The term is more broadly understood to be the separation of church from state, meaning that it was understood that over humanity's history that it is the church that is the aggressive entity that needs to be removed from any attempt at fair/impartial governance infrastructure.

Some shortformed it by saying "separation of church and state", to include both the times when the state was the aggressor as well as the more common situation when the church is the aggressor.

Prior to British occupation, religious groups in India were able to coexist fairly peacefully.  This is in relative terms, considering how "peaceful" other regions of the world were in the same eras, and the occupation of India by the Mughal Empire.

In a far worse version of what Trump can be seen doing today, the British lit and fanned flames of religious tension as a divide-and-conquer technique.

At the time of independence there was widespread opposition to partition from across religious groups (including Hindus, Muslims, Indian Christians, Sikh, etc).

The leadership of the Muslim League would not agree to Indian independence without partition. Partition resulted in massive deaths (estimates between 200,000 and high estimates at 2,000,000, and it was so messy that we will never know).

Partition looms over the thoughts of Indians to this day as one of India's darkest moments (and considering the occupations, "The Emergency", and other events that is saying something).  My mother-in-law survived it, living near Kolkata at the time.  She won't talk about it, but what I have heard is horrifying.

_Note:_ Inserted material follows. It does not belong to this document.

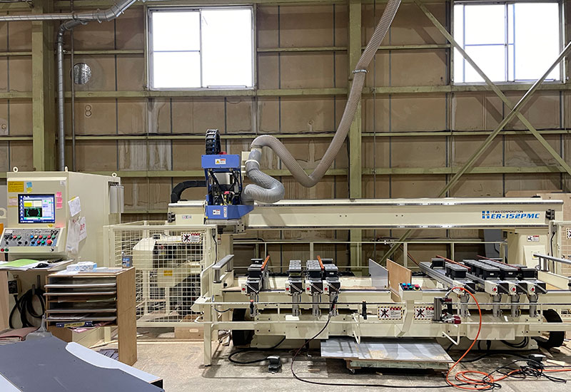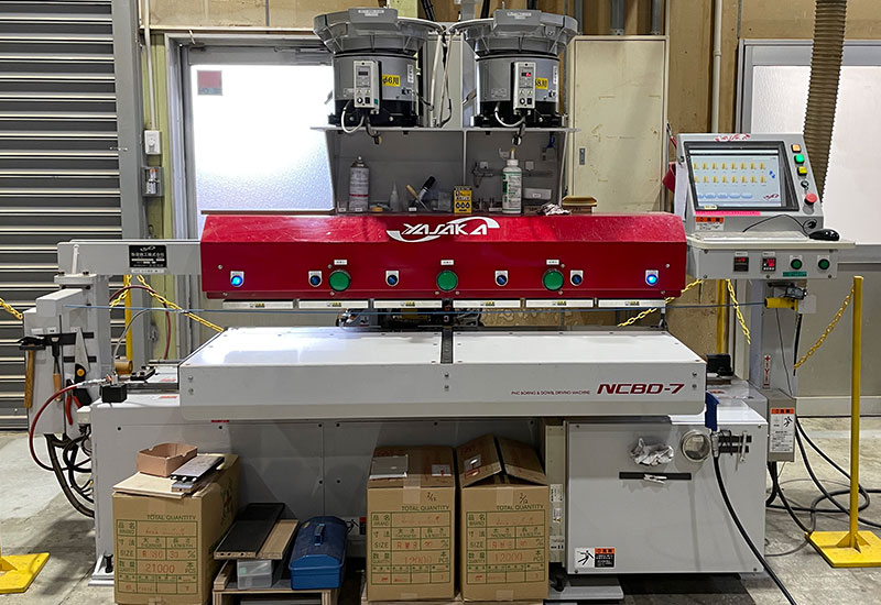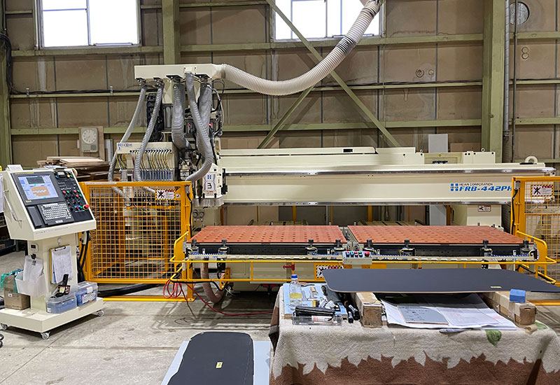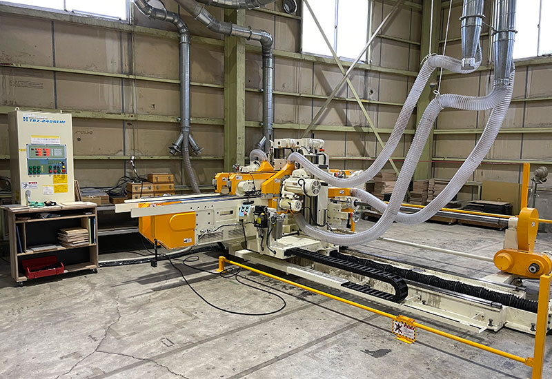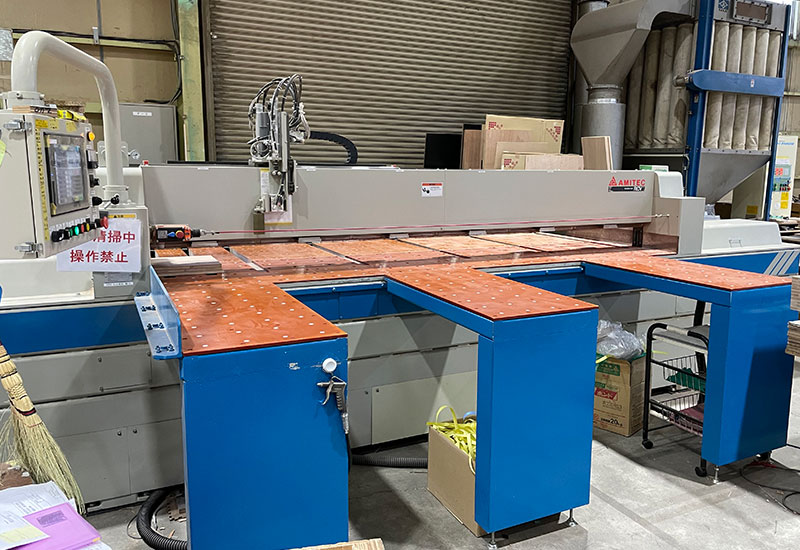 | 【設備一覧】 NC(最大4×10尺)・・・2台 ダボ打ち機・・・1台 テノーナー(最大開口8尺)・・・1台 ランニングソー(最大10×8尺)・・・1台 パネルソー(最大高8尺)・・・1台 軸傾斜横切盤・・・1台 軸傾斜盤・・・1台 縁貼り機・・・1台 曲面貼り機・・・1台 高速面取り盤・・・2台 マルチボーリングマシン・・・1台 ボール盤・・・2台 角ノミ盤・・・1台 手押し鉋盤・・・1台 自動鉋盤・・・1台 ワイドサンダー・・・1台 エコノミーサンダー・・・1台 フラッシュプレス機(最大4×10尺)・・・3台 縦型プレス機(最大8尺)・・・1台 組立機・・・1台 両面糊付け機(最大4尺)・・・1台 工業用ミシン・・・1台 その他小型工具 4tウイングトラック・・・1台 1tバン・・・1台 フォークリフト(1.5~2.5t)・・・3台 |

I am someone who believes in Indian reunification, and one of the many things that stands in the way of that ideal is the reduction of secularism that happened in India post-partition. With some Muslims being seen to "take their ball and go home" and cause so much death during partition, this eroded secularism such that Hindu nationalists have been trying to take over the remaining parts of India. Narendra Modi's BJP is an obvious result of partition, with Muslims being less safe in India and elsewhere as the years go on.

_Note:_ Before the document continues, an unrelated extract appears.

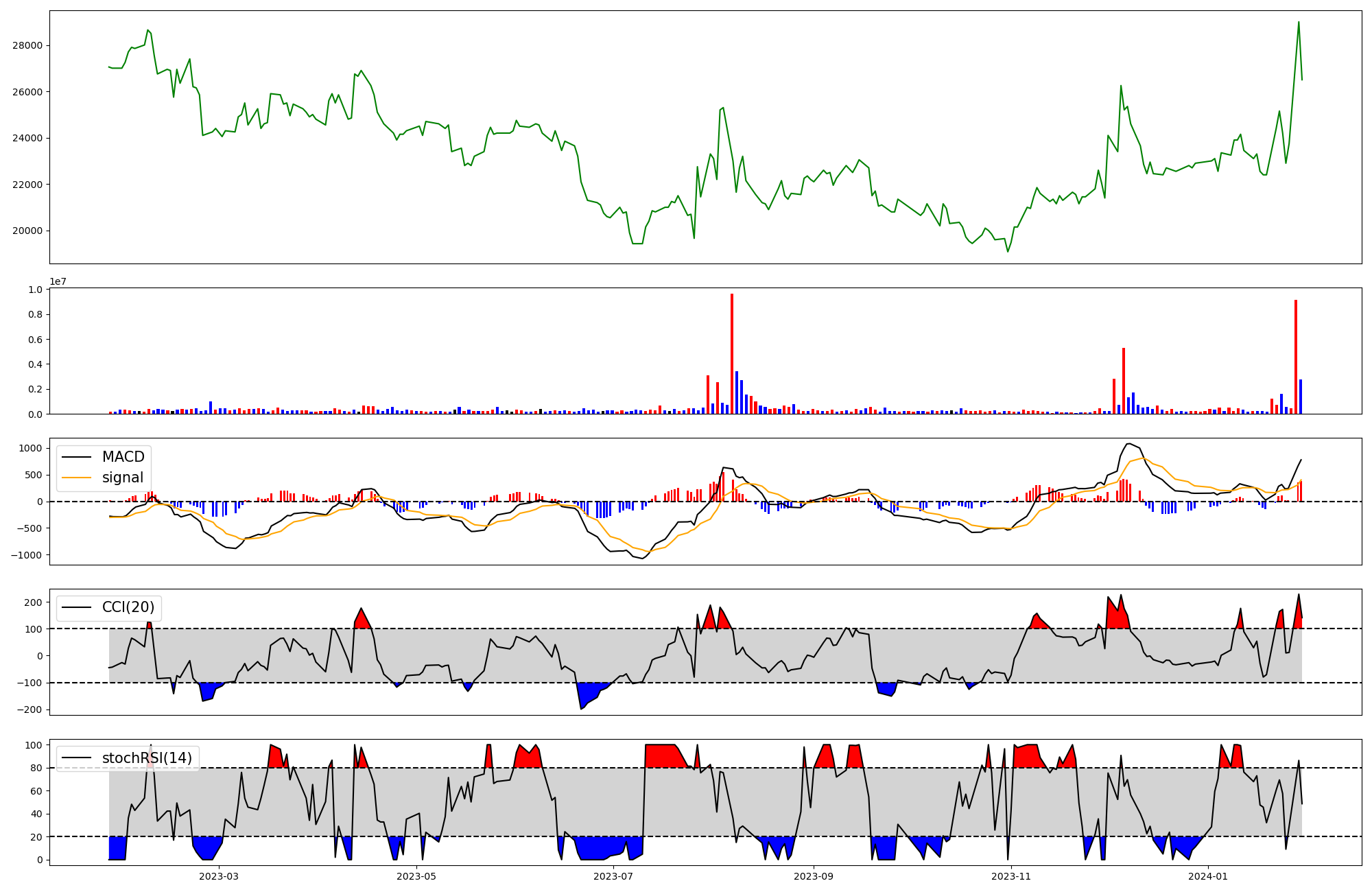 □ 장기 : 현재 종가가 장기(250일) 이동평균값(23,201원)을 상회 하여 장기적 추세 상승 중

It is understood that some horrible things have been done in India to the Sikh by Hindu nationalists.  This is because of a lack of separation of church from the state (true secularism) in India, and not as you and your guest were suggesting that it was a lack of separation of state from church.  Creating a separate Sikh state will not make Sikh more safe, but will result in further segregation and make Sikh living outside of their separate state less safe.

I would hope it is recognized that segregation is not some ideal we should actively strive for, whether we are talking about different races or people with different religious views.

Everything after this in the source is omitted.